The GenericEventQueue instance is already owned by the HTMLMediaElement,
and there already is an underlying mechanism to set the target of the
event to NULL, if their target is owner of the queue.
In order to avoid creating this reference in the first place, we enqueue
the event with a NULL target to defer the refcount increment until the
timer for dispatching the event happens (which won't happen at all if
garbage collection is already destroying the objects).
BUG=243045
R=inferno,acolwell
Committed: https://src.chromium.org/viewvc/blink?view=rev&revision=151692
Patch Set 1 #
Total comments: 1
Patch Set 2 : Update #Patch Set 3 : Build fix #Patch Set 4 : Rebased #
Total comments: 2
Patch Set 5 : Fixed build error again #
Messages
Total messages: 28 (0 generated)
I did try thinking about alternatives to this, but this seems to be the most straightforward one.
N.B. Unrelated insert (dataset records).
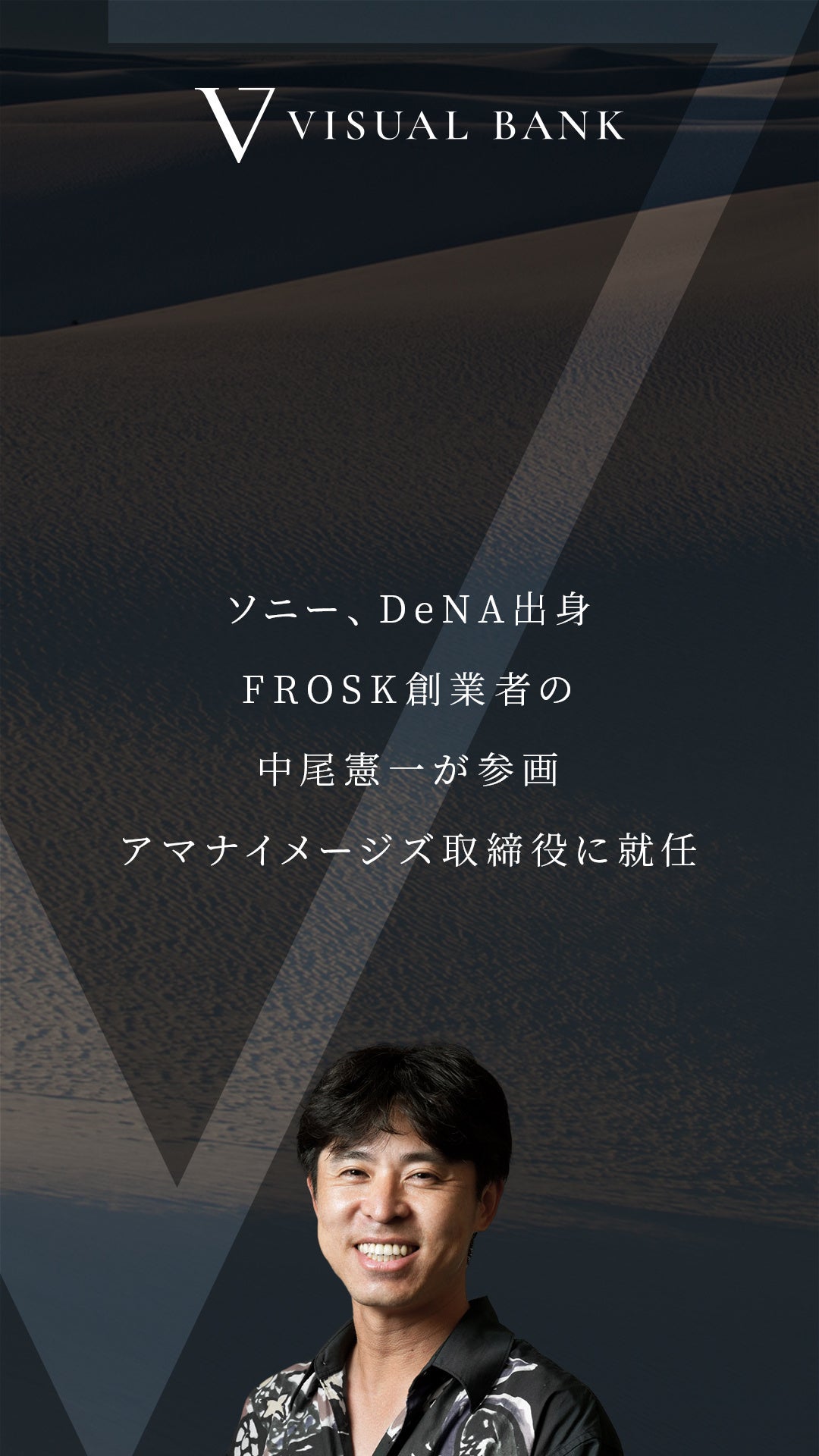 Visual Bank株式会社(代表取締役:沼澤裕太、以下『Visual Bank』)は、100%子会社である株式会社アマナイメージズ(以下アマナイメージズ)の取締役として、中尾憲一が就任したことをお知らせいたします。
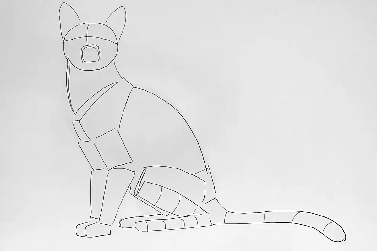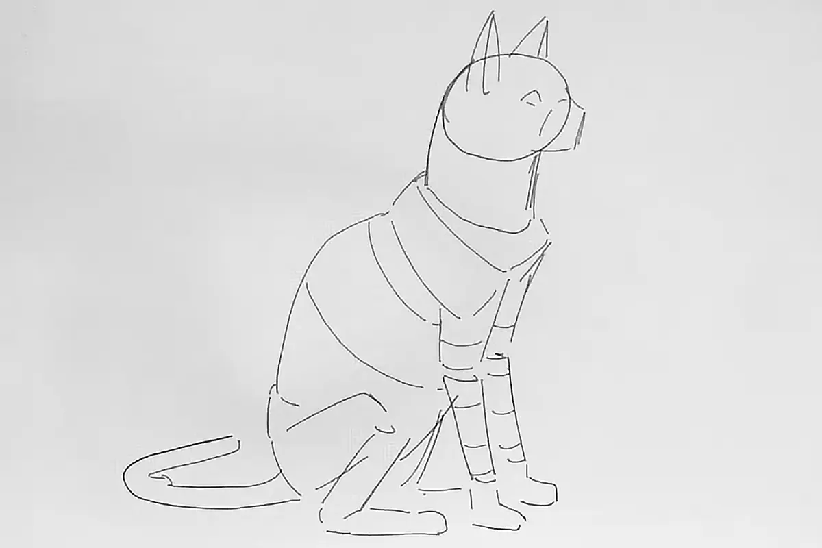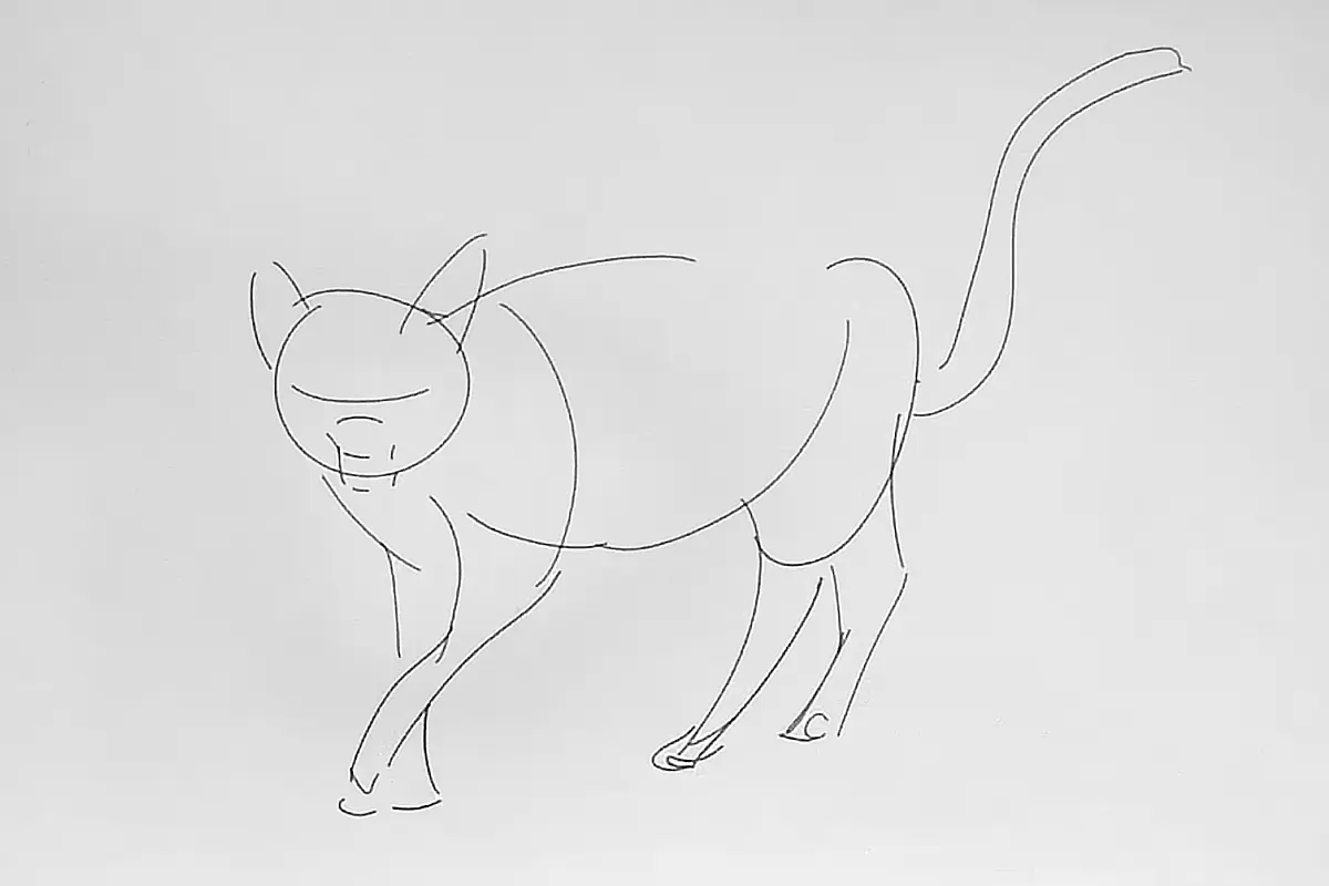 Now that you have an idea how a cat is broken down into its simplest form, it's time to practice drawing it again but from imagination! We practice this by rotating it in a different angle than our tracing!
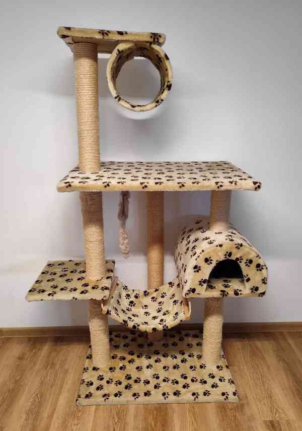 Prodám středně vysoké škrabadlo pro kočky na hraní a zábavu ve velmi dobrém stavu, rozměry: V 157 x Š 107 x H 52 cm. Robustní konstrukce se 3 sloupy, houpací síť D 37 x Š 30 cm, domeček na spaní a hraní rozměr: D 36 x Š 36 x V 21 cm, vchod 18 x 16 cm, nahoře válec průměr 21 cm, viz fota. Cena 700,- Kč.
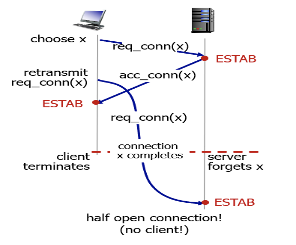 위 그림을 예로 들어 보겠습니다. 위 그림은 호스트 A가 호스트 B에게 연결 요청을 한 것이 딜레이가 많이 되어 다시 연결 요청을 하는 상황입니다. 이 경우 호스트 B는 과거의 연결 요청에 대한 순서 번호로 응답을 하게 되고, 호스트 A는 잘못된 순서 번호의 패킷이 왔기 때문에 그 패킷을 버리게 되죠.
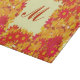 Monogramm, gerahmt mit einem Trell von herbstfarbenen Blume und Blätter in Goldtönen, Rot, Fuchsia und Braun mit hellgelbem Hintergrund
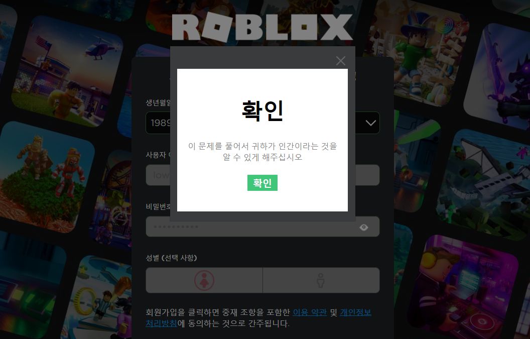 회원가입을 하시면 로봇이 아님을 증명하기 위한 퀴즈가 나옵니다. 이를 풀어주시면 게임 페이지로 이동합니다.

One other thing is that I've had troubles reproducing this using testRunner. The solution that seemed to work is to reload it at least 5 times, and each time it crashed at least once. This makes it slow. We could remove this behavior from the test but if the issue ever appears again, we'd likely end with a flaky test.
I don't know this code well enough to review this. Adding Adam and Eric.
https://codereview.chromium.org/15739014/diff/1/Source/core/html/HTMLMediaEle... File Source/core/html/HTMLMediaElement.cpp (right): https://codereview.chromium.org/15739014/diff/1/Source/core/html/HTMLMediaEle... Source/core/html/HTMLMediaElement.cpp:521: m_asyncEventQueue->enqueueEventWithoutTarget(event.release()); This doesn't seem right to me. I believe we do want to set the target in most cases. If ~HTMLMediaElement() has run shouldn't we just avoid scheduling any events at all? What about deleting m_asyncEventQueue in the destructor or adding a m_inDestructor member variable like MediaPlayer has?
Can you help me understand how an event is fired during HTMLMediaElement destructor? That seems fishy.
On 2013/05/30 17:18:09, Dimitri Glazkov wrote: > Can you help me understand how an event is fired during HTMLMediaElement > destructor? That seems fishy. No, it's not the event being dispatched, it's being enqueued in the queue to be dispatched later (and setting the target of the event does the memory violation) If you look at the stack trace from the issue, the issue is that HTMLTrackElement::removedFrom triggers active processing (including event enqueueing) from HTMLMediaElement::didRemoveTrack.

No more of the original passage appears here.